DS@GT Applied Research and Competitions
The Data Science @ Georgia Tech (DS@GT) Applied Research Competitions (ARC) is a student-run research group focused on machine learning, information retrieval, and data-driven scientific modeling through participation in competitive research challenges. The group organizes participation in the Conference and Labs of the Evaluation Forum (CLEF) but also leverages platforms like Kaggle and PACE for training and internal skill development. Our code is available on GitHub.

We recently wrapped up our Spring 2025 semester with 22 accepted working note papers and 45 authors at CLEF 2025. We are preparing for the Fall 2025 Interest Group and Spring 2026 competition season. In addition to CLEF 2026, we plan to participate in TREC 2025, MediaEval 2025, and NTCIR 19.
Membership
ARC operates as a project group within the broader Data Science @ Georgia Tech student organization. Members are expected to be members of DS@GT and adhere to its general guidelines.
- Eligibility: Open to all Georgia Tech students (undergraduate, graduate - including OMSCS/OMSA, PhD), and alumni with student status (e.g., enrolled in a for-credit seminar). Both on-campus and online students participate actively.
- Requirements: Members must be part of the parent DS@GT organization (including paying dues). Active participation, especially in the Fall, is crucial for Spring team placement.

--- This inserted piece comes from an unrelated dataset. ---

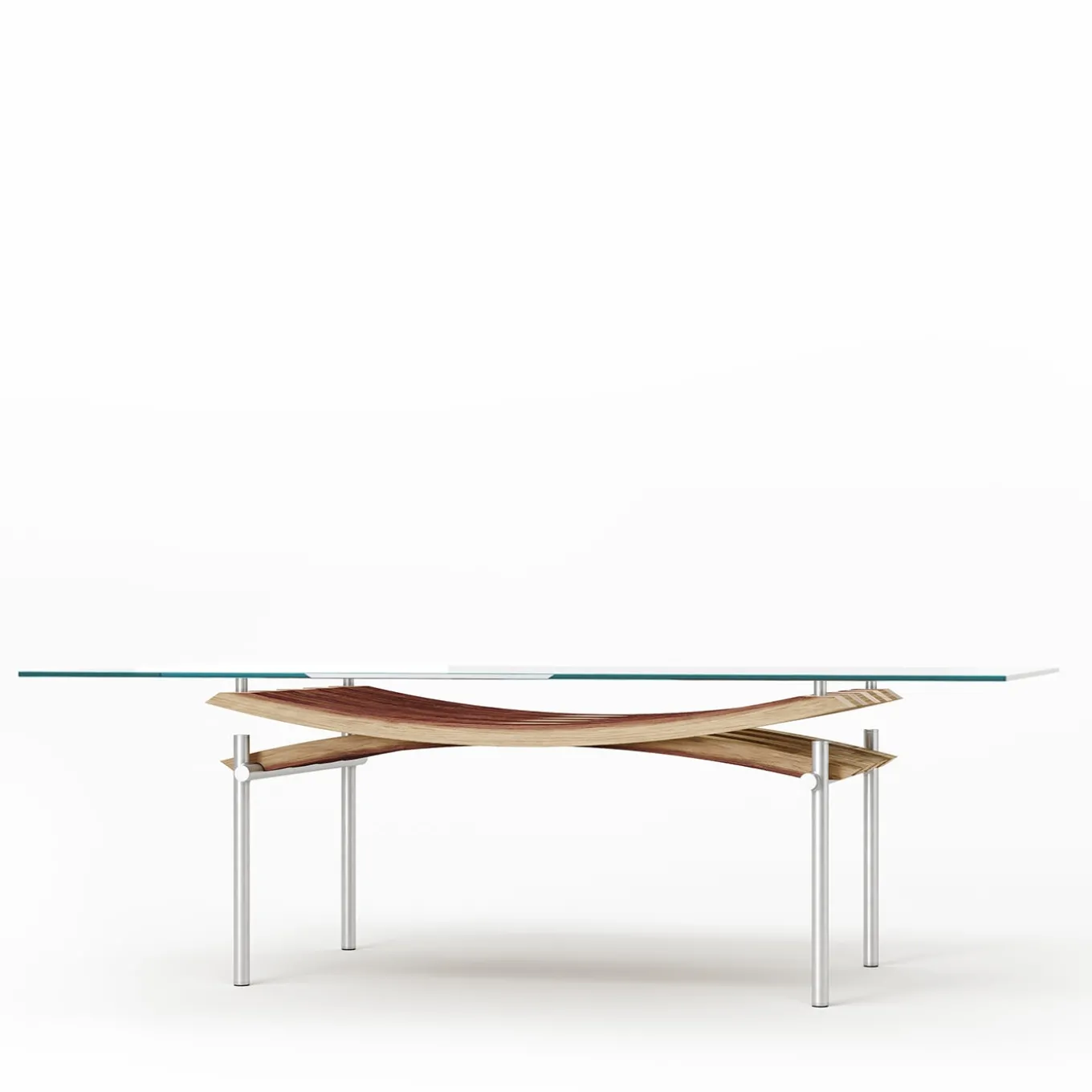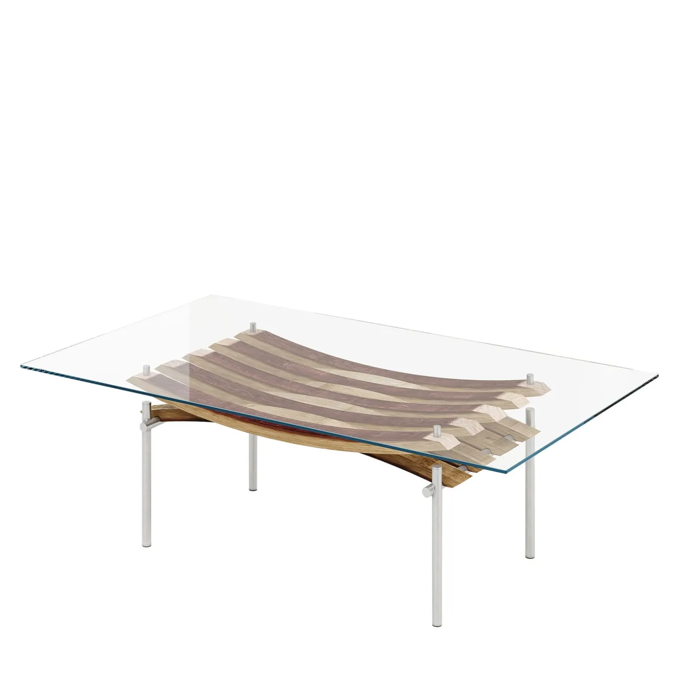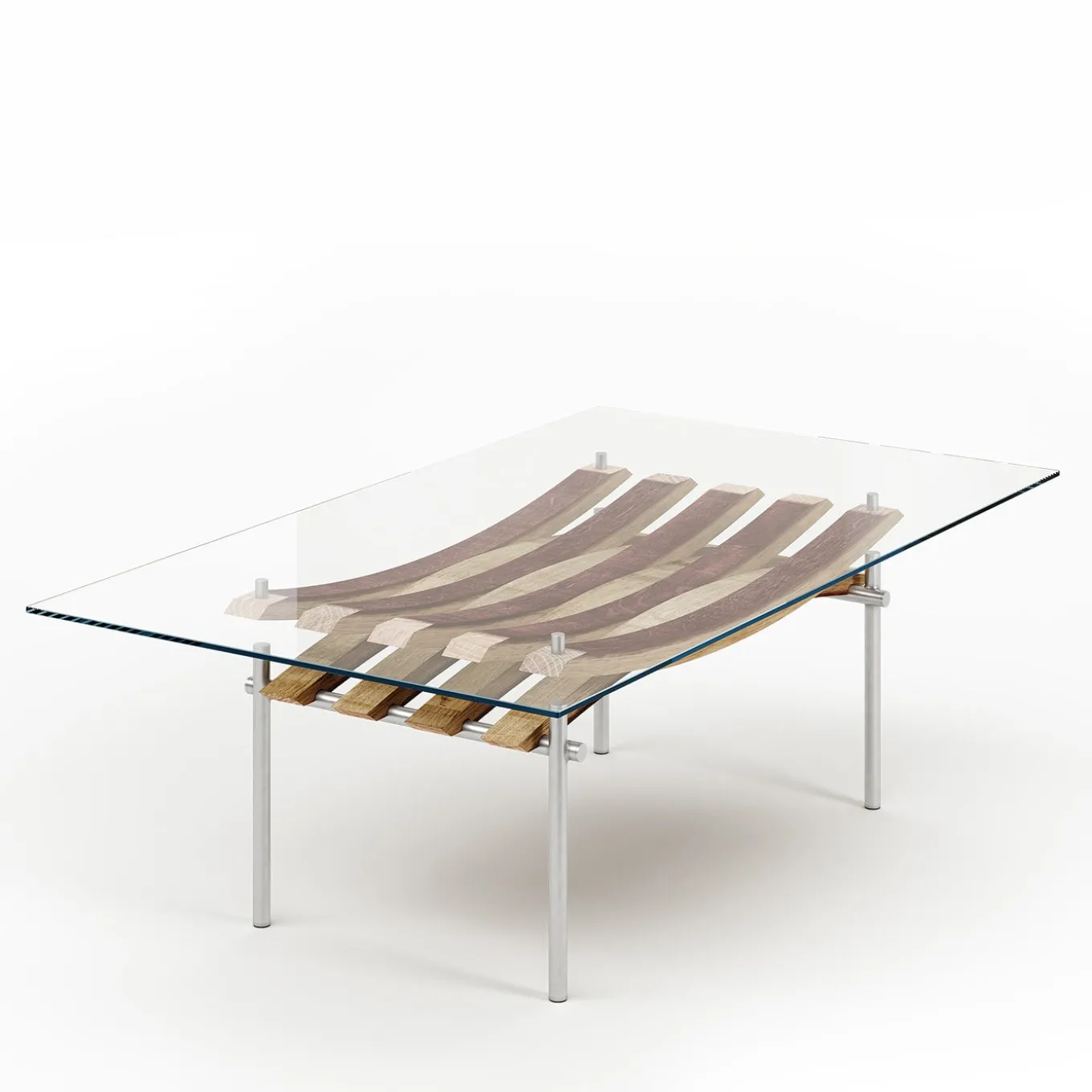 Il gioco delle doghe, orchestrato dalla disposizione alternata “esterno-interno” dei colori e dei segni del vino, infonde vitalità e armonia. La struttura in acciaio spazzolato che sostiene Vinci è ingegnosamente divisa in due elementi interconnessi. Le sue gambe si fondono perfettamente con il rovere attraverso una struttura tubolare, estendendosi con grazia per sostenere il piano in vetro con ulteriori elementi tubolari in acciaio.
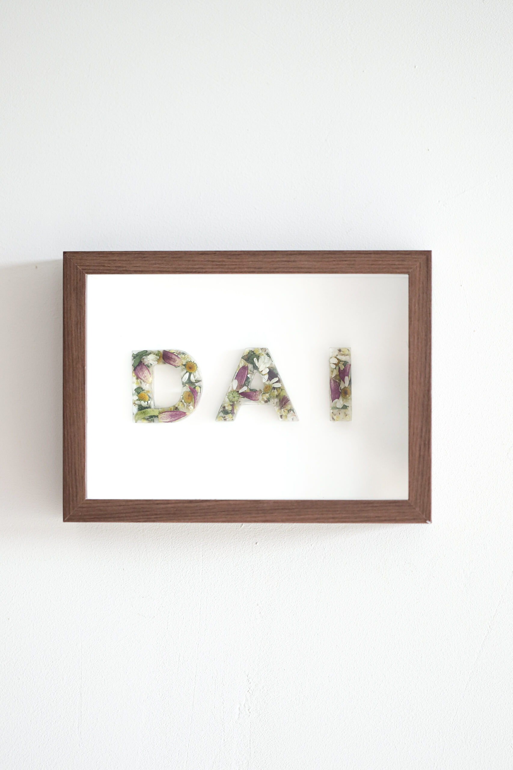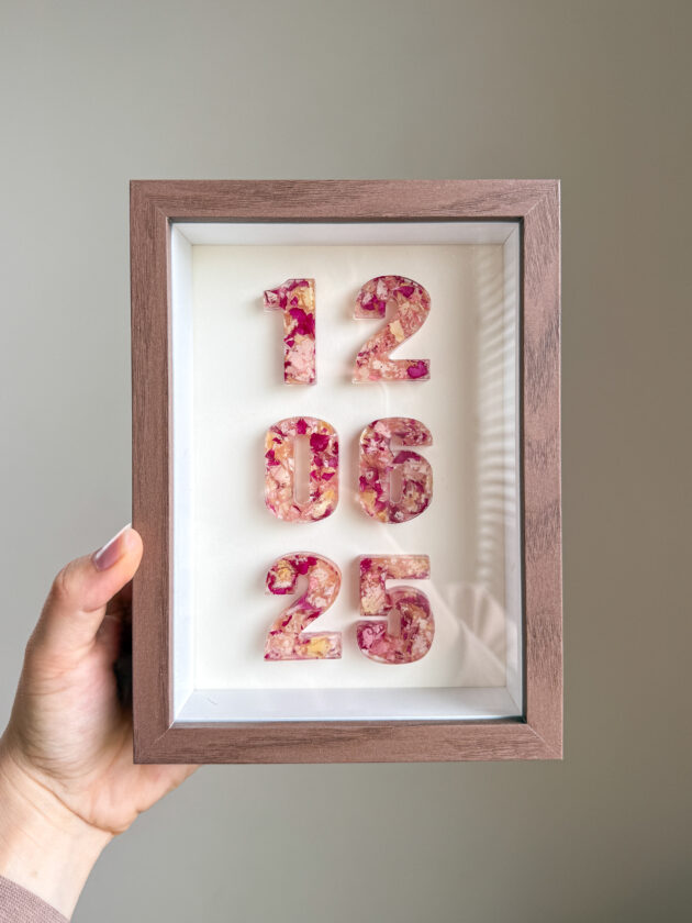 De Date Frame is een unieke manier om een speciale datum, naam of woord te vereeuwigen. In plaats van een traditionele inlijsting of een groter epoxy stuk, vormen we met stukjes uit jouw eigen bruids- of rouwboeket een betekenisvol woord of datum, verwerkt in een stijlvolle, diepe lijst.

- Minimum Technical Expectations: Proficiency in Python (SciPy stack: NumPy, Pandas, Matplotlib) and Git version control. Familiarity with ML concepts is highly beneficial. Prior ML/IR project experience (non-trivial complexity) or software engineering experience is expected. Completion or enrollment in a project-heavy course (e.g., ML, DL) is recommended.
Group Structure and Schedule
Recordings of our Fall 2024 Interest Group can be found below and provide an overview of the group’s structure and expectations.
The group operates on a two-semester academic cycle.
- Fall Semester: Interest Group & Preparation
- Focus: Introduction to competitive data science (Kaggle) and research competitions (CLEF).
- Activities: Weekly meetings, EDA assignments, paper discussions, internal Kaggle competition, foundational skills training (e.g., PACE usage).
- Outcome: Formation of motivated and prepared teams for the Spring semester.
- Time Commitment: ~2-3 hours/week (equivalent to a 1-unit seminar).
- Spring Semester: Competition Execution & Publication
- Focus: Deep dive into specific CLEF tasks within dedicated teams.
- Activities: Team-based research and development, model building, experimentation, result submission, writing and submitting working notes papers.
- Outcome: Competition submissions, published papers, presentation of work.
- Time Commitment: ~100-150+ hours total (equivalent to a 2-3 unit course), varies by role and project intensity.
Team Structure
- Size: Typically 3-5 members per team (including the lead). No more than 5 people on a single task due to complexity of sharding work.
- Composition: Aim for a mix of skills and experience levels where possible, fostering inclusivity and knowledge sharing (e.g., pairing experienced members with newer ones).
- Roles:
- Task Lead: Responsible for managing a task team in the Spring. Duties include registering the team, defining the technical approach/plan, conducting weekly meetings, delegating tasks, tracking progress, reporting updates, leading paper writing/submission, and confirming team members. Requires significant time commitment and technical/project management skills.
- Task Member: Responsible for actively contributing (coding, analysis, experiments), attending weekly meetings, reporting progress, contributing to the paper, and potentially presenting updates. Expected to have relevant technical skills (Python, Git, ML/data analysis basics) and commit sufficient time.
- Goal: One team per competition task, with no overlap in tasks between teams.